Search code examples
encodingmarkdownxslt-2.0saxonxpath-2.0

Encoding of input file for XSLT 2.0 function unparsed-text()


Let's say I have this file.md encoded in UTF-8 (.md means it's markdown format)

Hello world
This text is encoded in UTF-8.

Then I approach it using function unparsed-text('file.md', 'UTF-8'). That works like a charm.

Problem shows up when (let's say) I use one of my native language (Czech) specific character, for example this file2.md:

Hello world
This character "š" is read like "sh" in english.  

Using same encoding parameter in unparsed-text() I get error:

XTDE1200: Failed to read input file file:/C:/file2.md (java.nio.charset.MalformedInputException): Input length = 1

file2.md has same encoding UTF-8 as file.md, czech characters are in this charset, yet XSLT processor doesn't accept it.
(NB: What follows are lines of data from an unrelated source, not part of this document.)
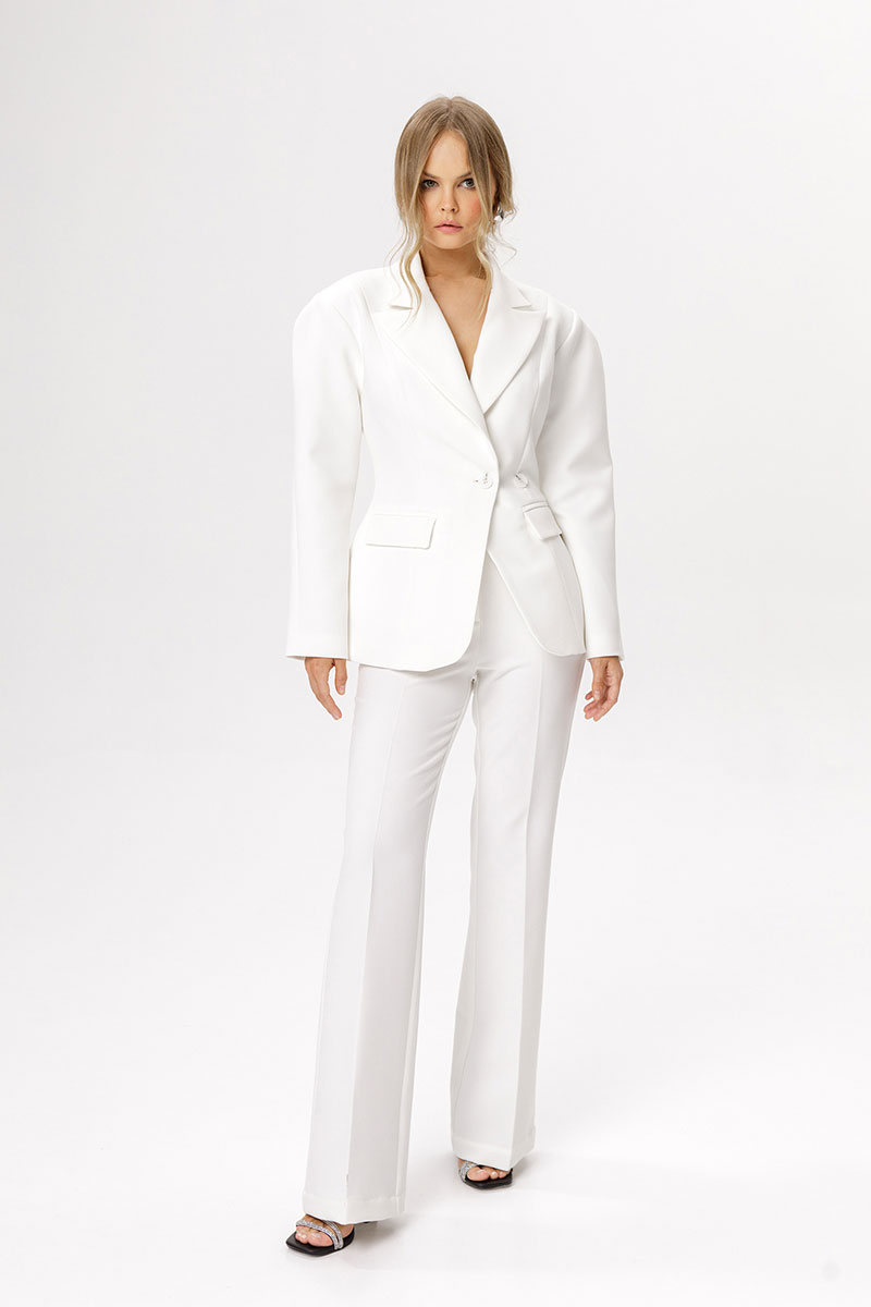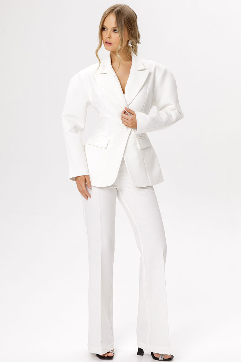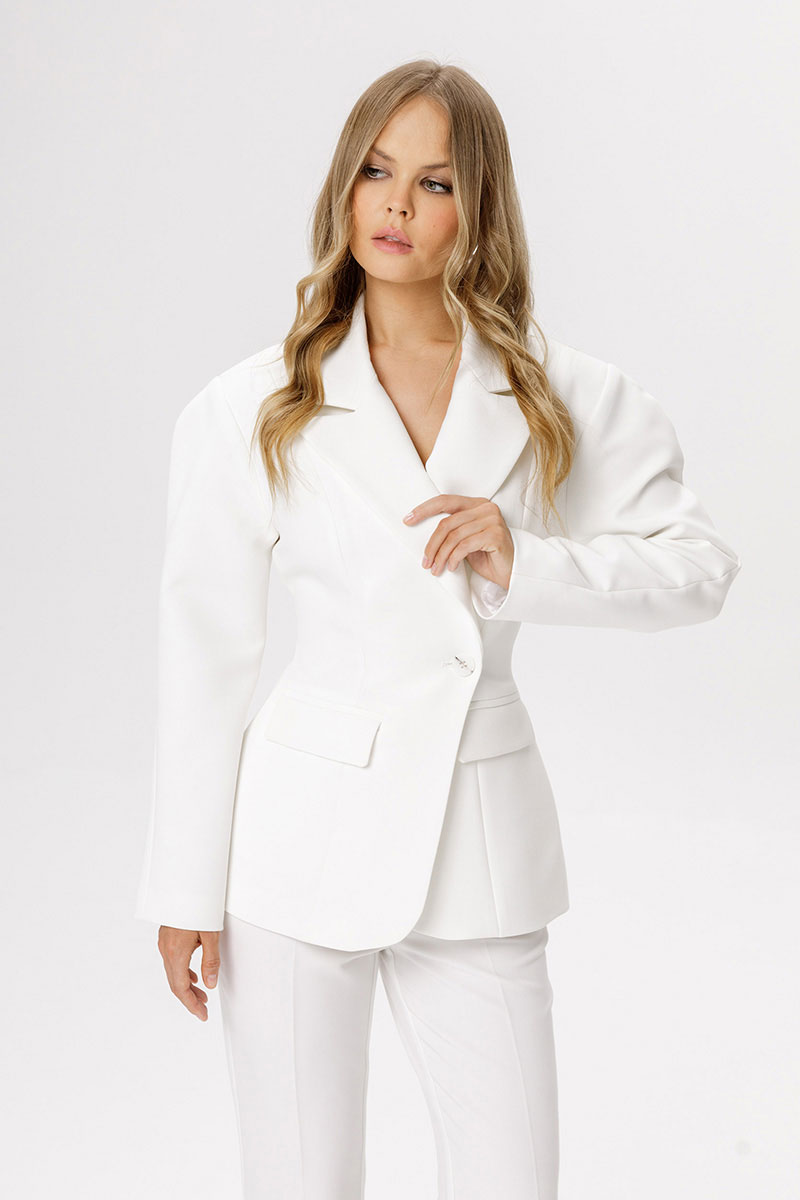 Детали: жакет приталенного силуэта, расширенная линия плеч, пиджачный воротник, рукава фигурной формы с верхним швом, спинка со шнуровкой и застежка на две пуговицы, с помощью которых можно регулировать прилегание по талии, на подкладке.
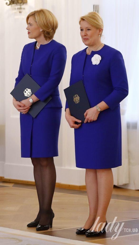 Не обошлось на церемонии и без конфузов. 45-летний министр сельского хозяйства Юлия Клекнер и 39-летний министр по делам семьи, пожилых людей, женщин и молодежи Франциска Гиффай пришли в одинаковых нарядах – в синих платьях, поверх которых надели жакеты.
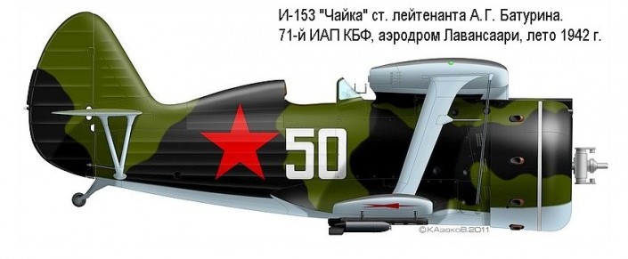 Заместитель командира второй эскадрильи старший лейтенант А.Г. Батурин у истребителя "И-153". © pochta-polevaya
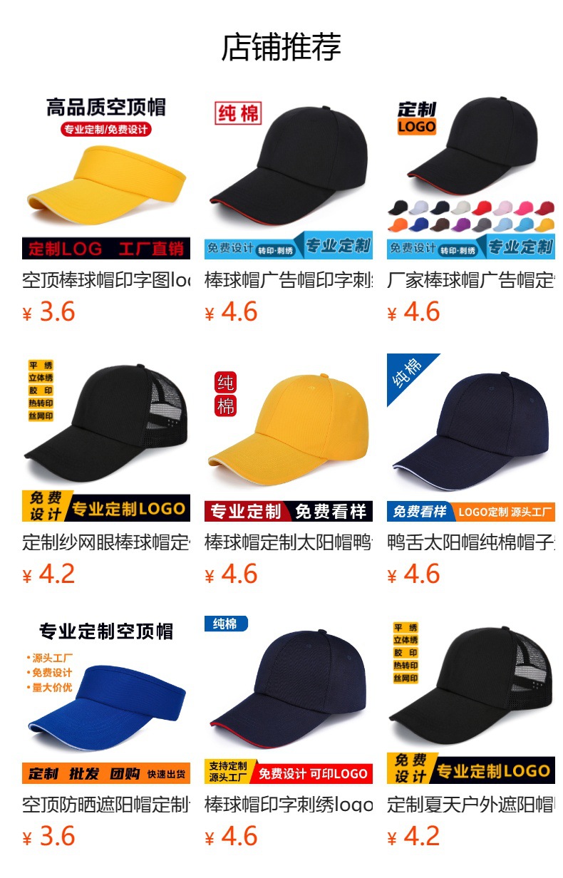 거즈 통기성 차양 야구 모자 맞춤형 남성과 여성의 작업 오리 혀 태양 모자 인쇄 자수 맞춤형 광고 모자스토어 가기
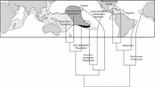 - Как число видов, так и семейств у восточных берегов Тихого и Атлантического океанов гораздо меньше, чем у западных.
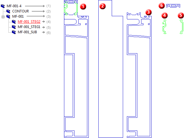- Wollen Sie die Konturdarstellung für Baureihenprofile nutzen, dann muss zusätzlich ein Teil mit dem Namen CONTOUR definiert sein, das die vereinfachte Kontur des gesamten Profils enthält.
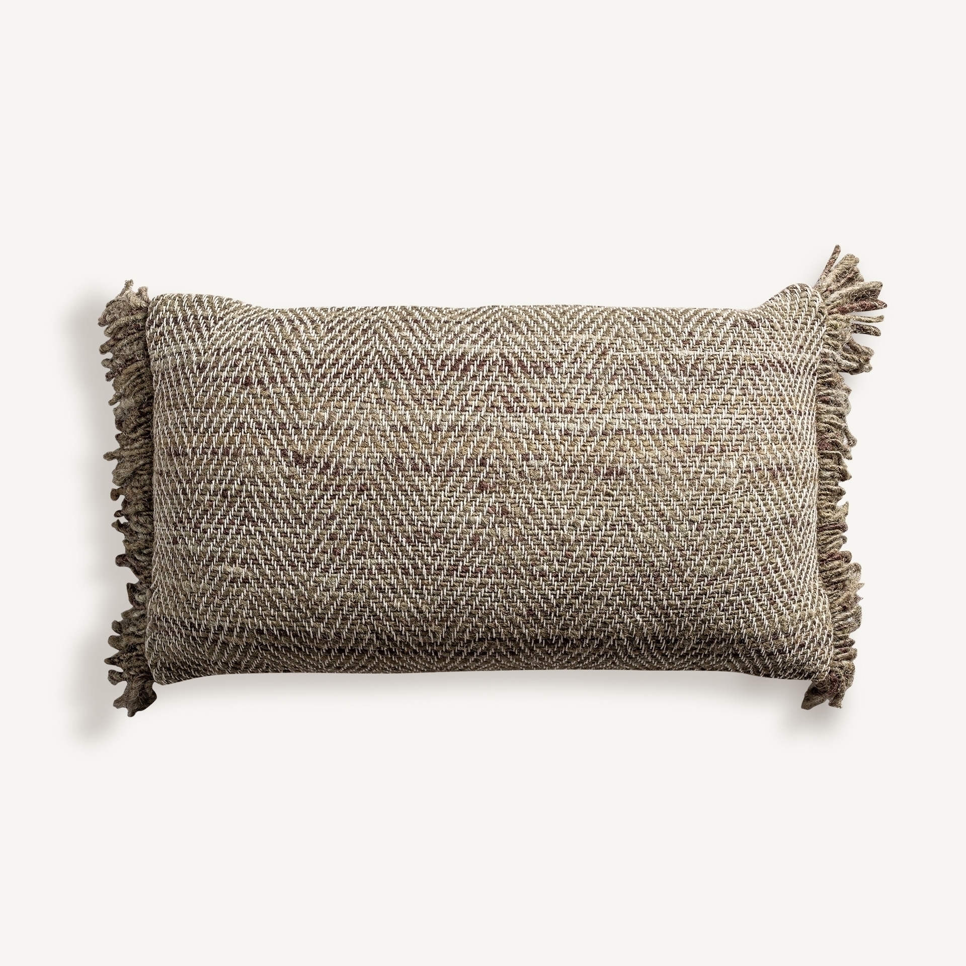 Подушка Baruch от VICAL в меланжево-коричневых тонах с наполнителем из хлопка, вискозы и синтепона отражает стиль бохо с натуральными фактурами и съемным чехлом для большей практичности. Ширина: 50 см, Глубина: 10 см, Высота: 30 см
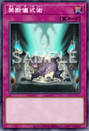 BPRO-JP077 禁断儀式術 (禁斷儀式術) 通常陷阱 此卡名的①②效果一回合可以各用一次 ①:等級合計到要和儀式召喚的怪獸相同為止,將我方墓地怪獸除外,將我方墓地儀式怪獸1體儀式召喚。此效果特殊召喚的怪獸結束階段破壞 ②:將墓地此卡除外可以發動。這回合我方儀式召喚的場合1次,可以將我方墓地儀式怪獸作為解放的代替除外
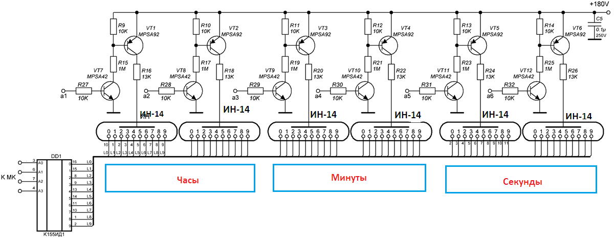 Эта схема решает проблему согласования управляющего напряжения на микросхеме 5 В и управляемого напряжения питания анодов. Положительный потенциал 180 В подается на анод, а отрицательный – на катоды соответствующих цифр.
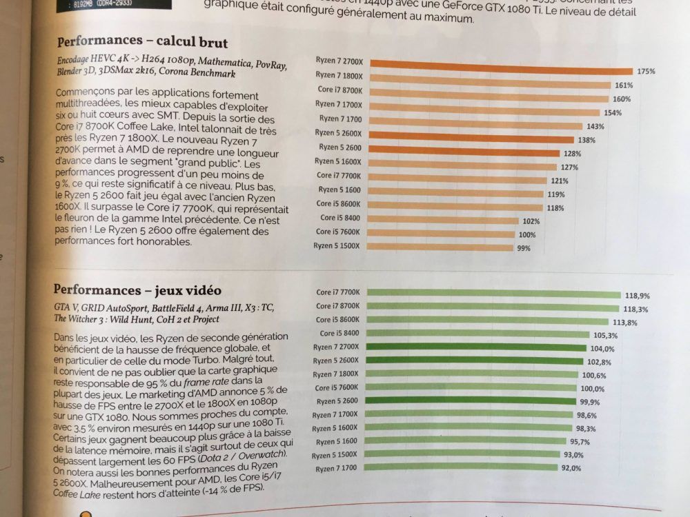 Official benchmark results of the AMD Ryzen 7 2700X have appeared in French tech magazine, CPC Hardware. The pages show a CPU that is about on par with the Ryzen 7 1800X in terms of gaming performance, but far ahead in synthetic tests.
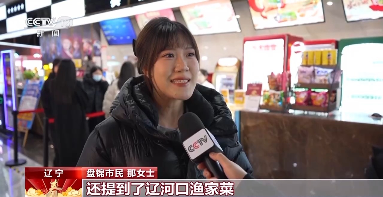 盘锦市民 那女士:电影前面的非遗短片里面,还提到了辽河口渔家菜,看着就特别好吃,然后正好拿着这个票根还能有优惠活动,还有赠送的菜品,就想赶紧一会儿和家人去尝一尝。
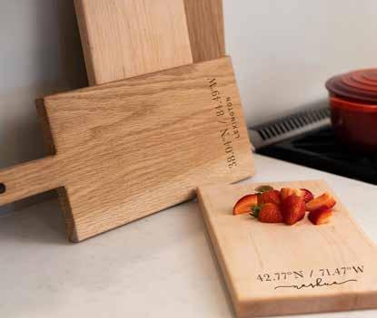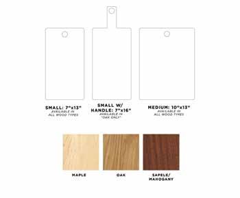 Design options include city coordinates with script or block font for city name. MATERIAL: Maple | Oak | Sapele SIZE: 7”w x 13”h | 7”w x 16”h (with handle) - Oak only | 10”w x 13”h FINISH: Food-safe mineral oil
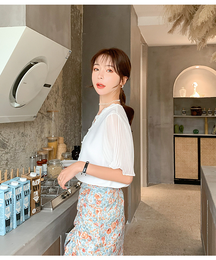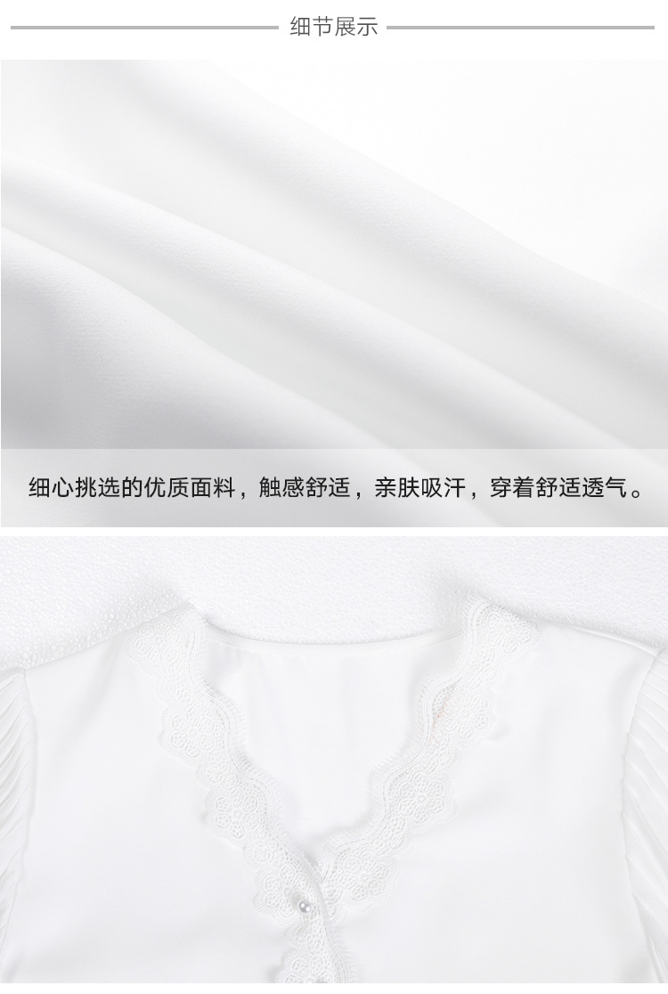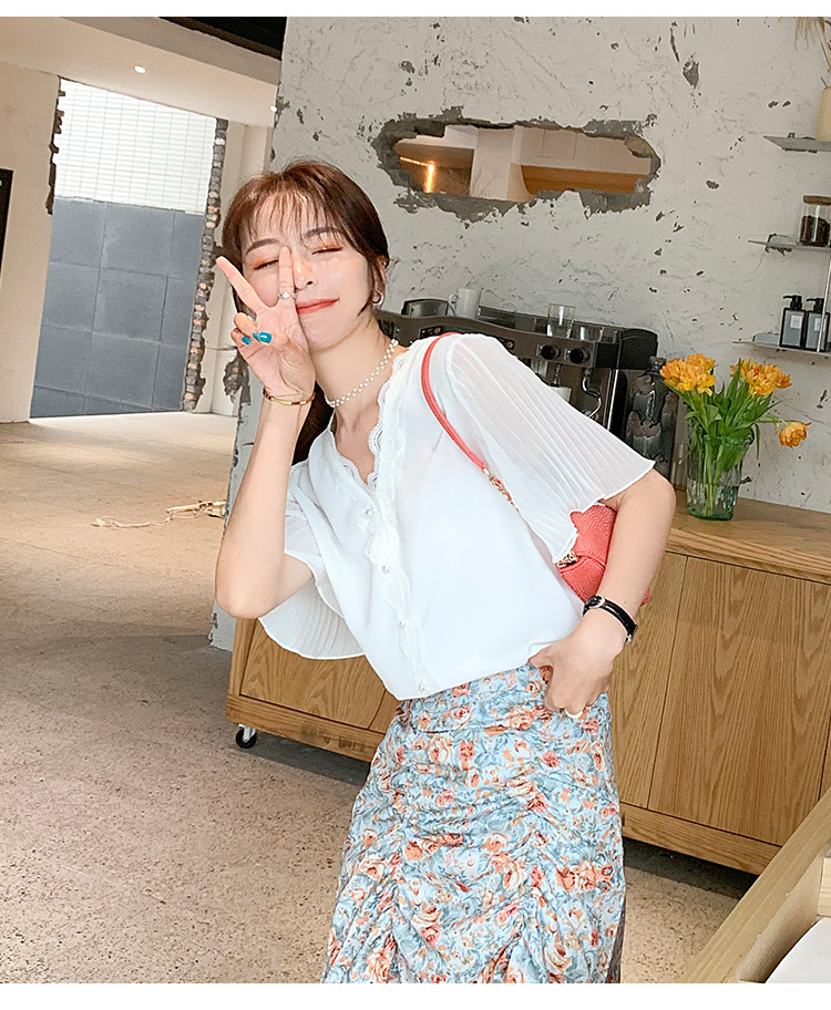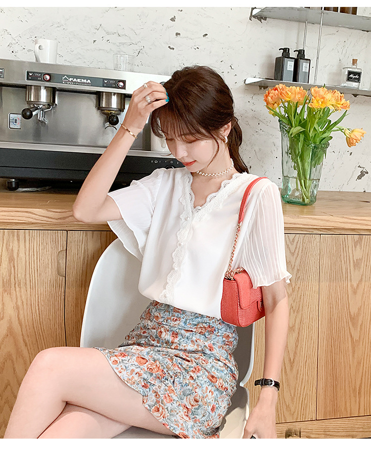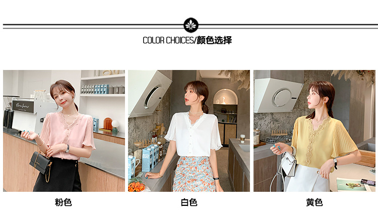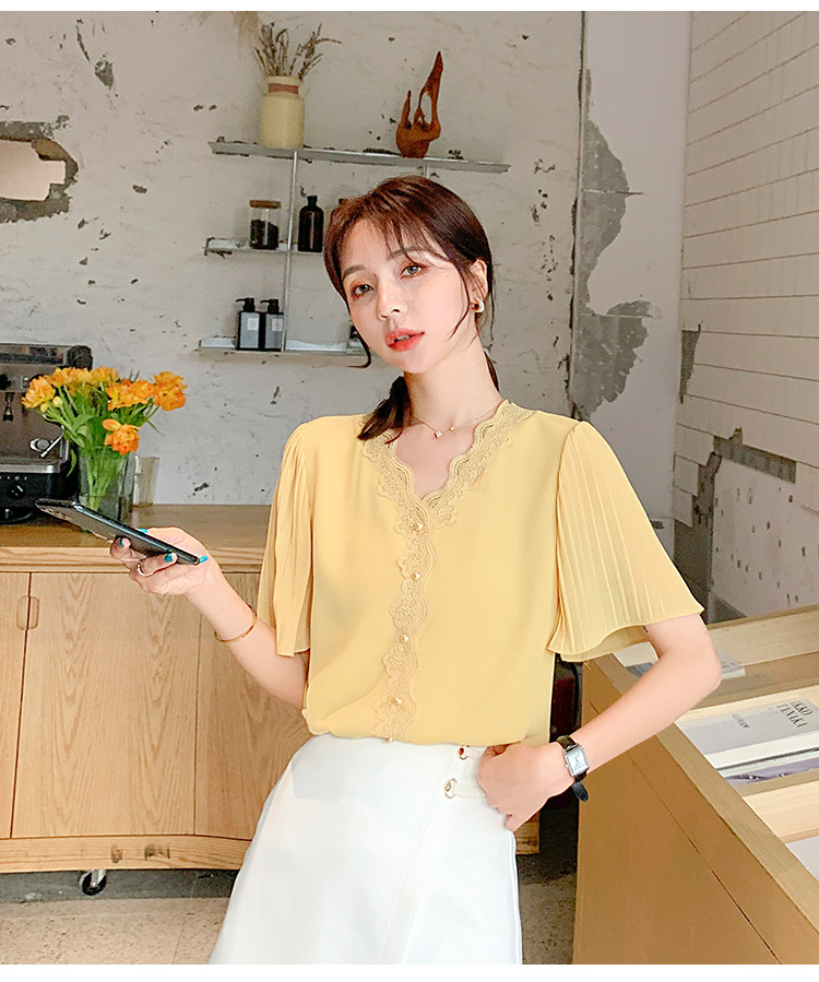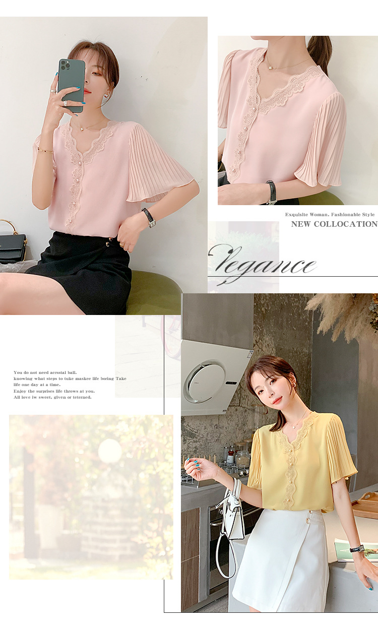 반팔 여성의 2022 여름 새 쉬폰 셔츠 플러스 사이즈 벨 소매 레이스 셔츠 V-넥 탑 세련된 작은 셔츠스토어 가기
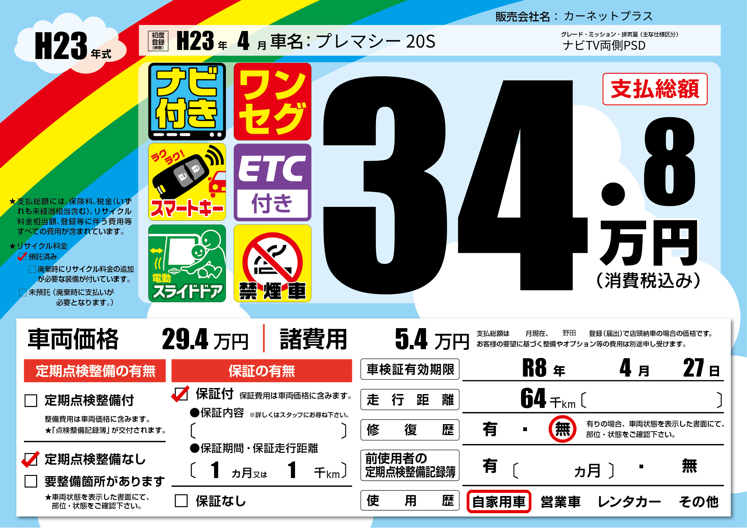 | 車名 | プレマシー 20S | グレード ミッション 排気量 |

If I change encoding parameter to windows-1250 ie. unparsed-text('file2.md', 'windows-1250') it works nicely.

So question is, why I get this error? Does it relate to the fact that input file is with extension .md (.txt works). Is there way around it? I really want to be able to use same encoding in my xsl stylesheet as supplied input file has.

Thanks for answers.


Solution

  • As Martin says, the evidence you have provided suggests that the file is encoded in Windows-1252, and that unparsed-text('file.md', 'utf-8') is therefore right to reject it.